Combined sales: |
€ 998 million |
Consolidated sales(*): |
€ 945 million |
Capital expenditures (PP&E)(*): |
€ 48 million |
Total assets(*): |
€ 1 359 million
|
Employees: |
11 800 |
(*) Consolidated entities |
China: economy in transition
After a long period of double-digit growth rates, China’s GDP growth ended below 8% in 2012, further down from 9% the year before. Investments in the country have slowed down as a result of measures for more controlled growth, while the global economic crisis tempered China’s export growth. Combined with a maturing domestic demand in certain sectors, this led to manufacturing overcapacity and fierce competition in several industrial markets.
Bekaert’s activities in China came under pressure due to these developments. The most sudden and tangible impact was felt in the sawing wire business as of the second half of 2011. The price levels of sawing wire further declined significantly in 2012 as a result of the huge manufacturing overcapacity that had been built up in a very short time. Bekaert realigned its manufacturing footprint in China with the new business reality through a drastic restructuring and considerable asset impairments.
In automotive markets too, Bekaert experienced increased competition and maturing demand from Chinese tire producers targeting export markets. Truck tire customers in particular suffered from less export business. Bekaert defended its rubber reinforcement markets and succeeded in obtaining modest growth in sales volumes compared to 2011, while price and margin levels were under pressure due to the highly competitive environment and declining raw materials prices.
Continued growth through acquisition
Bekaert acquired the Qingdao Hansun steel wire plant in Qingdao (Shandong Province) from Hankuk Steel Wire Co. Ltd (South Korea) in September 2011. The operations were fully integrated in the Bekaert China manufacturing platform during 2012. Bekaert (Qingdao) Wire Products Co., Ltd produces a wide range of wires and ropes serving construction and mining markets as well as the hoisting equipment and paper industry.
In December of 2011 Bekaert and Xinyu Iron & Steel Co.

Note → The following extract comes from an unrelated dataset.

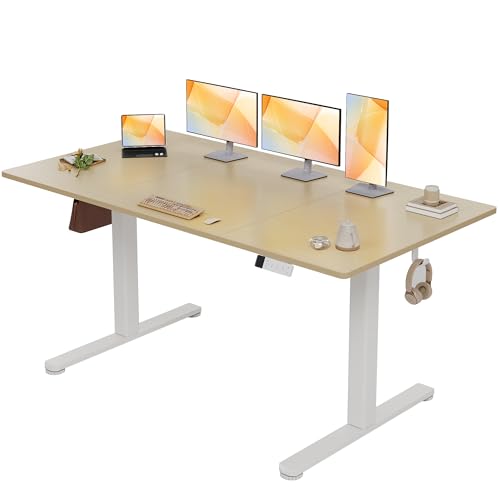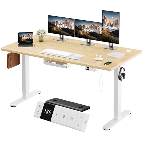 Devoko Bureau Assis Debout Électrique 160×80cm, Bureau Électrique avec Chargeur USB, Organiseur de Câbles et 3 Positions Mémorisables, Bureau Réglable en Hauteur (160×80cm,Beige)

Ltd (Xinsteel) announced the closing of their partnership transaction by which Bekaert acquired 50% of the spring wire and Aluclad activities of Xinsteel in Xinyu (Jiangxi Province). The results of the joint venture have been included in Bekaert’s financial records under the equity accounting method as from 1 December 2011. In 2012, the ground works for the construction of a new plant, Bekaert (Xinyu) New Materials Co., Ltd, were started. The new building will house the spring wire manufacturing activities which are now located in two separate factories. The new plant is expected to come into operation in the second half of 2013, and will serve domestic customers mainly, with spring wires for various applications.